SUMMARY: 240 vs 280

From: Grzegorz Bakalarski <>
Date: Fri Sep 12 2003 - 11:25:35 EDT
Dear All :-)

Here is summary on 240 vs 280 ...

Thanks to all who replied for highly valuable answers,
which are attached below. General comment is that 240
should be valuable machine and 280 should not be better
for heavy DB usage or HPC ...

Kind regards,


Original Question:

> We thinking about buying 2 processors Fire 280R Sun server .
> But we noticed that there are also 240R servers offered by Sun
> (seem to be new product). We also found out that Sun will
> offer soon 440R server (vs Fire 480R). The main difference
> is processor, namely its L2 cache. x40 series have 1MB L2 cache,
> F x80R have 8MB cache. The other difference is price: x40 series
> are muuuuuuuuch cheaper.
> So I'd like to ask you about your opinion/comparison on/of 240 vs 280
> or (soon) 440 vs 480 ...
> Does anybody already use 240 ??? How does it behave ?
> Which type of application could be run on 240 (or 440), and which
> could not (web, file server, oracle or other DB, general purpose,
> gateway etc)? Which type of application have to be run on 280 (480)
> (i.e. highly require bigger cache)?

============== REPLIES =====================

>From: Cyril Plisko <Cyril.Plisko@CloverleafComm.Com
We have both 280 and 240 as a matter of fact we are transitioning
from 280R to V240 full speed. While being practically the same
on performance scale V240 is dramatically cheaper as you know.

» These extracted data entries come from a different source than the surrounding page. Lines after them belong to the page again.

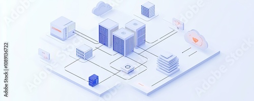 Simple flat design of cloud network architecture, visualizing virtual servers, security firewalls, and API connections
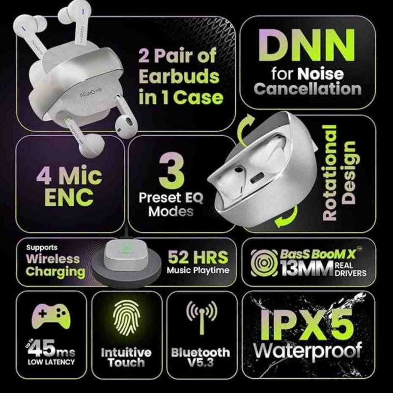 Experience next-level audio with India’s first Dual Sharing TWS. Designed for immersive sound, long battery life, and seamless connectivity, these earbuds offer 52 hours of playtime, advanced Bluetooth 5.3, AI-ENC quad mic clarity, and 3+3 EQ modes. Perfect for entertainment, workouts, and calls, with intuitive touch controls, wireless charging, and IPX5 water resistance. NO RETURN
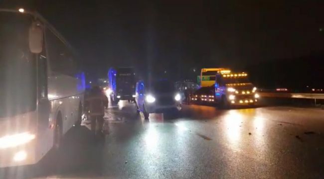 Alınan bilgiye göre, akşam saatlerinde Bursa-İzmir otobanı Hal Kavşağı'nda sağanak yağış sonrası yerlerin kayganlaşmasıyla 7 aracın karıştığı kaza meydana geldi. Kazada 1 ağır 2 kişi yaralandı. Durumu ağır olan yaralı Uludağ Üniversite Tıp Fakültesine Hastanesine kaldırıldı. Kaza sebebiyle kapanan yol, araçların çekici yardımıyla kaldırılması sonucu tekrardan ulaşıma açıldı. Polis ekipleri kazayla ilgili tahkikat başlattı.

As a side note I can add that V65x wins hands down when compared
to both 280R and V240


>From <>
I did discuss with SUN engineer this questions.  The suggestion from SUn
is V240 has less L2 cache and CPU speed slow than E280 (1.0 VS 1.2 GhZ).

They suggest WEB server and ORACLE application server can use V240, but
database server use E280 (better I/O).


>From: Hans Jacobsen <>
My understanding is that the 280R's 8MB of cache is most useful for context
switching, most needed in very large systems - like 8 processors and up.
Not what the 280R has...  I've had amazing success with getting more CPU out
of a large Sparc system (so when I add processor 27 and 28 on a big oracle
db, I still see a good performance gain when many people say you'd lose it
all to context switching....)  A small CPU cache is CRUCIAL to performance,
but a huge one (over 512K... 1MB on the outside) typically adds vastly less
than 5 percent to performance unless unusual circumstances are present (like
coordination with lots of other processors...)

I think the 280R is a holdover from some previous design - I'd get the v240.
I recently was specing out some systems, and I did just that, but have not
implemented it yet.  More money for no known benefit is how I'd describe the
280R.  Sort of ditto on the v440...


>From: Tim Chipman <>

I'm sure you would be able to run pretty much all the same apps on a 240
vs 280 system ; only possible obvious performance hit will be "apps that
benefit massively from abundant L2 cache" (ie, data intensive, say,
database as the classic example?).

Alas, to properly benchmark (anything) you more or less have to test
(app of interest) on (given hardware) and see how it goes. Otherwise,
generalized benchmark/stats can be misleading/worse than uninformative.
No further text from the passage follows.